La date limite laissée aux géants du web par l’UE pour se conformer à son nouveau règlement, le Digital Services Act (ou DSA), est passée. Où en sont-ils ? Qui sont les bons et les mauvais joueurs ?
Rappel liminaire : DS… quoi ?
Le Digital Services Act est un règlement européen qui vise à rendre illégal en ligne ce qui l’est dans la vie réelle. Les deux éléments extrêmement importants portent sur :
- la lutte contre les contenus illicites ou haineux :
- les plateformes ont l’obligation de faciliter leur signalement et d’intervenir rapidement,
- celles-ci doivent coopérer avec des « signaleurs de confiance » dont les notifications sont traitées en priorité. En France, il s’agit de la plateforme gouvernementale Pharos ;
- le ciblage publicitaire :
- il est désormais interdit de cibler les mineurs,
- l’utilisation des données sensibles en critère de ciblage, comme l’orientation sexuelle, la religion ou l’origine ethnique, est prohibée ;
Le DSA vise aussi à instaurer plus de transparence des plateformes. Ces dernières doivent :
- expliquer le fonctionnement des algorithmes qu’elles utilisent pour recommander certains contenus publicitaires en fonction du profil des utilisateurs, y donner accès aux chercheurs et réaliser des audits indépendants tous les ans, sous le contrôle de la Commission européenne. Le recours à des dark patterns (ou « pièges à utilisateurs ») dans les interfaces et autres pratiques visant à induire les utilisateurs en erreur sont interdites ;
- donner la possibilité aux utilisateurs de choisir une autre option (au moins) à la recommandation de contenus s’appuyant sur l’utilisation des données personnelles ;
- communiquer pour chaque publicité certaines informations, comme le nom de l’annonceur et du payeur dans des « bibliothèques publicitaires ».
Ce règlement s’applique dans toute l’Union européenne. Tous les services numériques devront se mettre en conformité d’ici le 17 février 2024. Cependant, 19 « très grandes plateformes », celles qui comptent plus de 45 millions d’utilisateurs actifs mensuels) sont concernés depuis le 25 août dernier : Google, Microsoft, Amazon, Facebook, LinkedIn, TikTok, Snapchat, Instagram ou encore X (ex-Twitter).
En cas de non-respect, elles peuvent recevoir une amende allant jusqu’à 6% de leur chiffre d’affaires annuel, voire être exclues du territoire européen.
Qui est déjà dans les clous ?
Pour se mettre en conformité, les plateformes ont introduit des changements ces dernières semaines. À ce jour, Meta, Pinterest, Snapchat, X et d’autres se sont pliés aux règles du DSA.
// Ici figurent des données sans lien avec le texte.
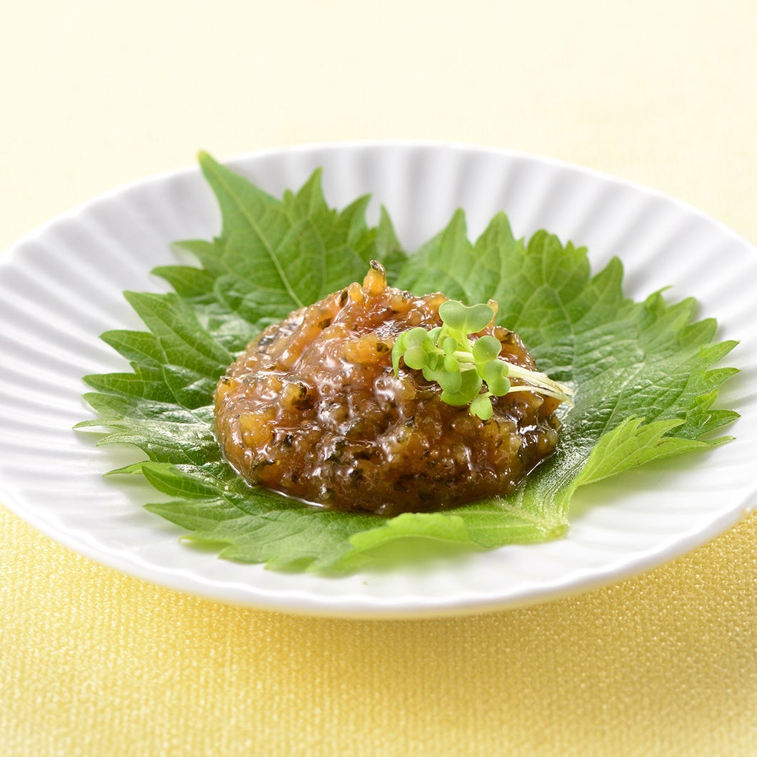 国産の大葉(青しそ)を新潟の蔵元で越後米・有機栽培大豆・赤穂の天塩を使って丹誠込めて仕込んだ越後味噌と砂糖で丹念に職人が手作業で練り込み甘目の味噌に仕上ました。シンプルだからこそ、職人の技が光る肴味噌です。炊き立てのご飯やおにぎりの具としておすすめです。
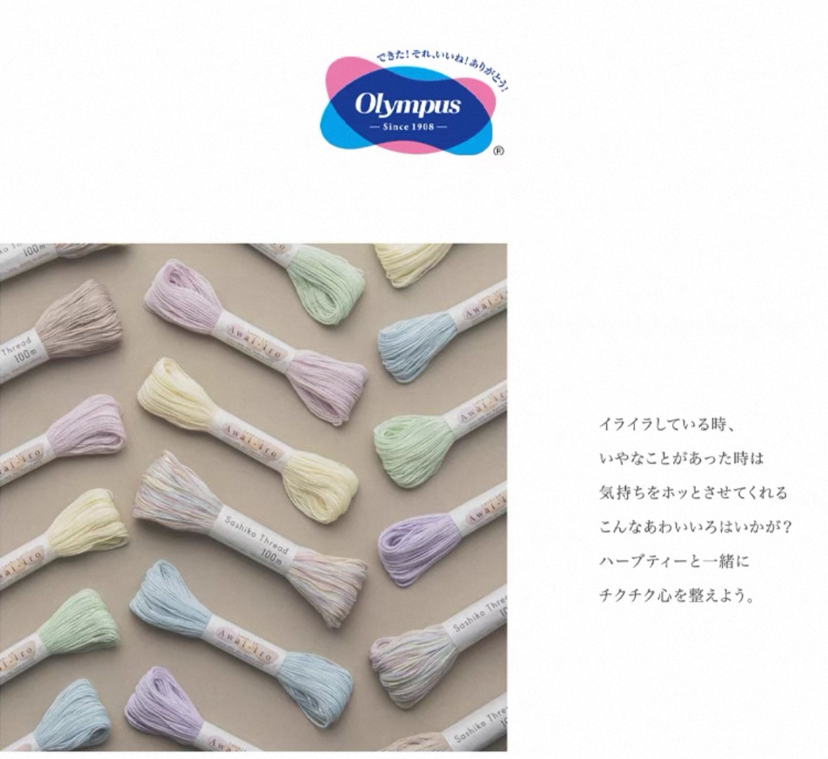 مجموعة Sashiko Awai-iro من شركة اولمبس Olympus خيط ساشيكو ياباني أصلي ماركة اولمبس ٦ فتلات، ١٠٠٪ قطن، جودة عالية طول الخيط ٤٠ متر، ألوان باستيل مختلفة، يُرجى ذِكر رقم لون الخيط عند الطلب
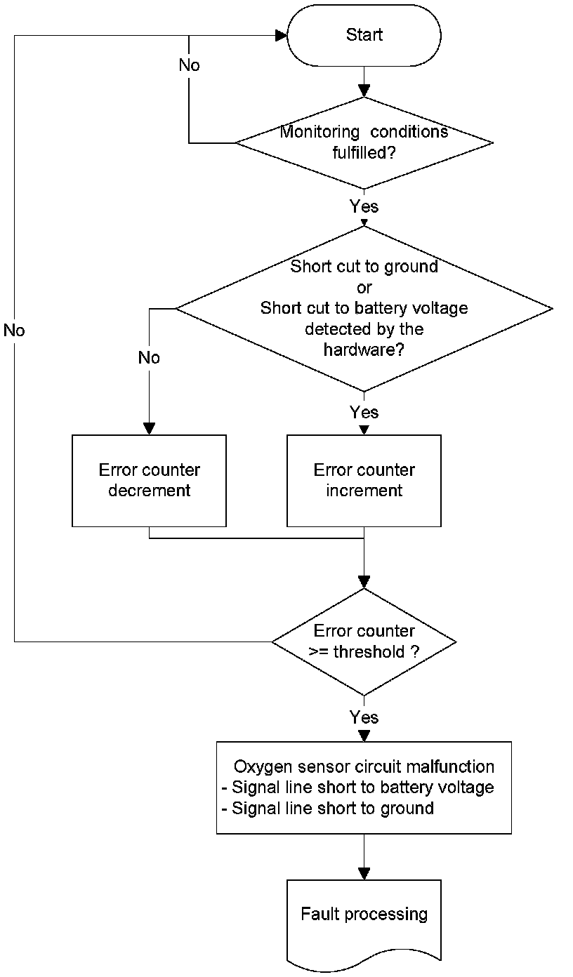 The oxygen sensor circuit monitoring detects the malfunctions by evaluating the error information received from oxygen sensor microcontroller:

De son côté, Google n’a pas encore fait grand-chose, considérant avoir déjà mis en place une bonne partie des éléments imposés par le règlement. En effet, elle permet depuis 2012 de traiter en priorité les signalements de partenaires dans le cadre de son programme Priority Flagger. Et depuis 2021, elle ne permet plus de créer de publicité personnalisée à destination des personnes de moins de 18 ans. Elle indique seulement que le reste des obligations imposées par le DSA est en cours de déploiement.
Conséquences immédiates
Le DSA a déjà eu des conséquences tangibles et visibles par tous les utilisateurs. Certaines plateformes, comme Meta, TikTok et Snapchat, ont permis aux utilisateurs de désactiver les algorithmes de recommandations personnalisées. Cela représente une décision majeure pour TikTok, dont le célèbre « Pour toi » a été le moteur de son succès – et de l’addiction de certains de ses utilisateurs. LinkedIn, de son côté, a étendu son fil chronologique.
Meta, TikTok et X exigent désormais des annonceurs qu’ils fournissent des informations sur les bénéficiaires de l’annonce et le payeur.
Amazon, l’exception
Amazon[1] fait bande à part en contestant son statut de très grande plateforme en ligne. Elle estime que seules les entreprises dont la publicité est la principale source de revenus devraient être concernées par le DSA. Amazon soutient que le DSA vise principalement à lutter contre les fake news, un problème qui ne concerne pas un site de commerce électronique. La Cour de justice de l’Union européenne tranchera dans les prochains mois.
En conclusion, le DSA est en train de révolutionner le paysage du marketing digital en Europe. Les plateformes et les annonceurs doivent s’adapter rapidement pour se conformer à ces nouvelles règles, qui placent la transparence et la protection des utilisateurs au premier plan. Et ce n’est que la première jambe d’un dyptique que le DSA forme avec le DMA (Digital Market Act) dont les délais de mise en conformité arriveront à terme en 2024 ! Nous vous en parlerons dans les prochaines semaines.
[1] Zalando conteste également son intégration dans la liste des très grandes plateformes en ligne, réfutant le nombre d’utilisateurs mensuels de 45 millions.